* [Exercise]:
Here the job is to retype the data word for word while leaving the pictures aside.

---- Provided material

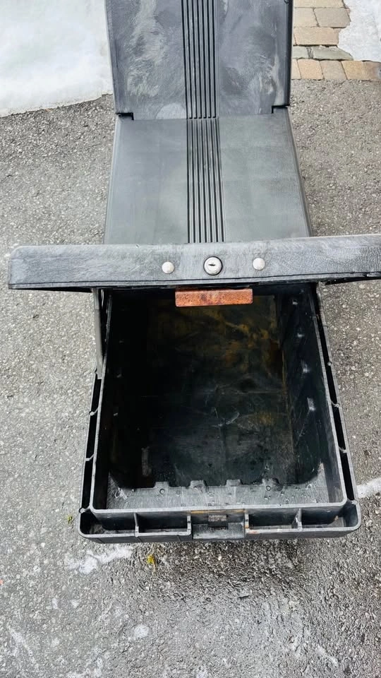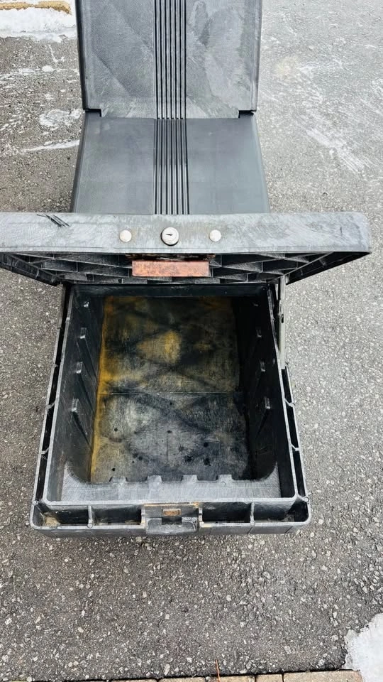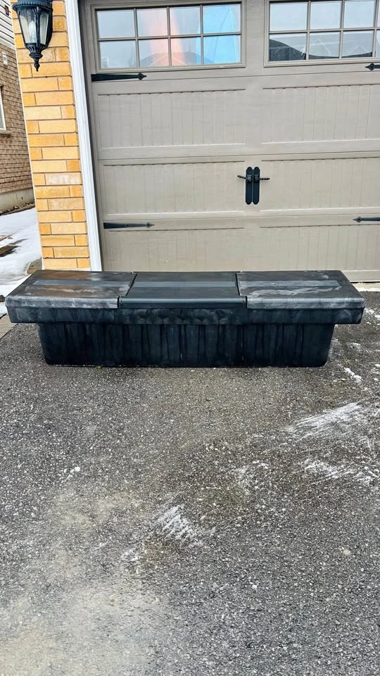 Extremely durable rigid heavy plastic construction. Measures 71” long on top and 59” long on the bottom. Includes the removable tool tray as seen in photos. Overall the box is in great shape. No cracks or holes or anything like that. The struts on both compartment doors work perfectly. The doors will stand open, and will close easily. There are locks on both compartment doors but I don’t have the key. Perhaps you could get a key made or rekey the locks if locking is important to you. This came from an estate and I don’t know what make/model of truck it was in. Should be a fairly universal fit. Check the measurements provided above with your truck bed. Pickup in Bowmanville.
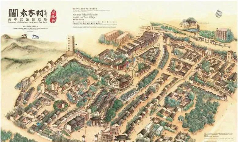 國內(nèi)知名鄉(xiāng)村旅游地——“袁家村”手繪圖
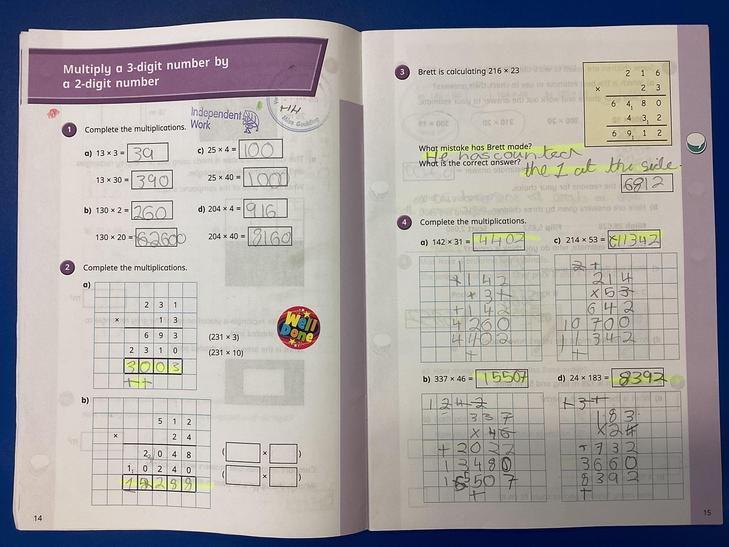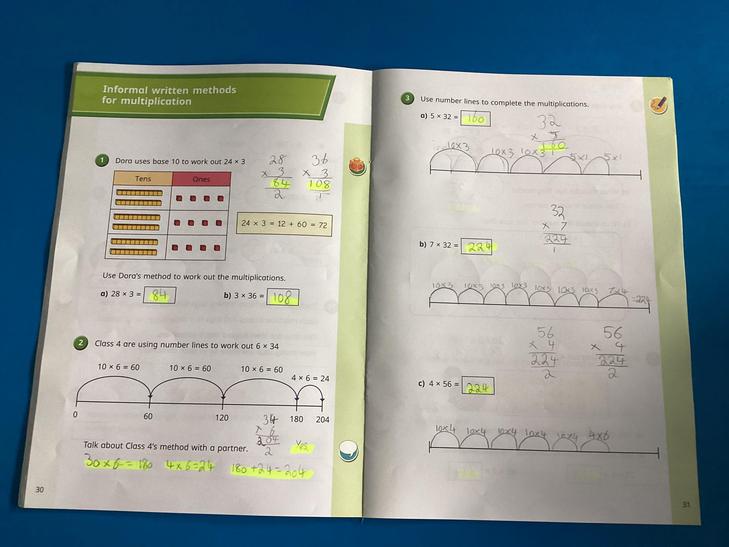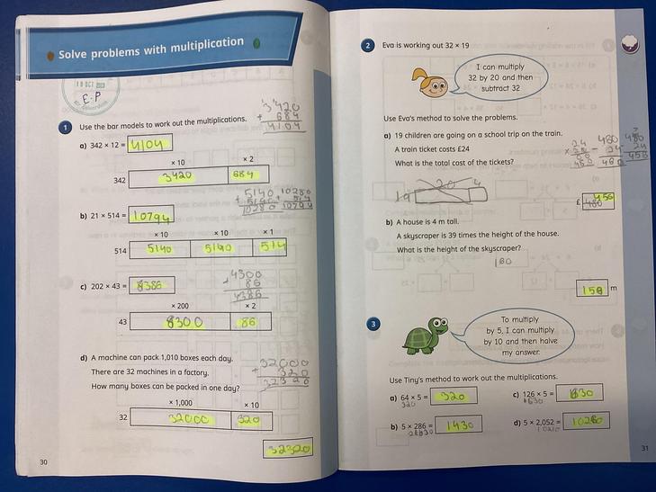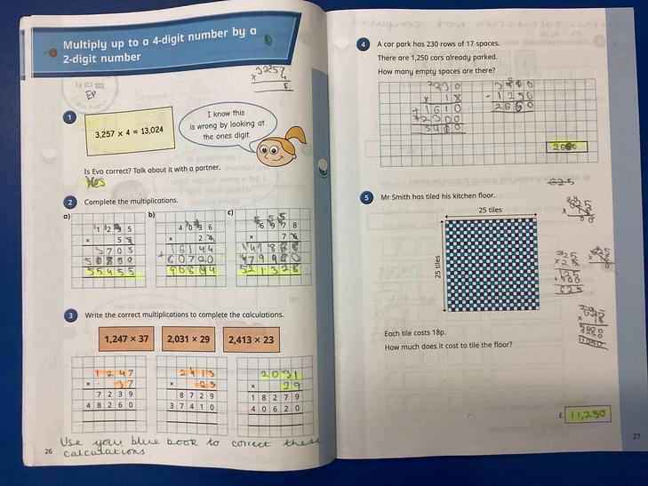 Multiply multi-digit numbers up to 4 digits by a two-digit whole number using the formal written method of long multiplication.

--------

* [Task solution]:
 Extremely durable rigid heavy plastic construction. Measures 71” long on top and 59” long on the bottom. Includes the removable tool tray as seen in photos. Overall the box is in great shape. No cracks or holes or anything like that. The struts on both compartment doors work perfectly. The doors will stand open, and will close easily. There are locks on both compartment doors but I don’t have the key. Perhaps you could get a key made or rekey the locks if locking is important to you. This came from an estate and I don’t know what make/model of truck it was in. Should be a fairly universal fit. Check the measurements provided above with your truck bed. Pickup in Bowmanville.
 國內(nèi)知名鄉(xiāng)村旅游地——“袁家村”手繪圖
 Multiply multi-digit numbers up to 4 digits by a two-digit whole number using the formal written method of long multiplication.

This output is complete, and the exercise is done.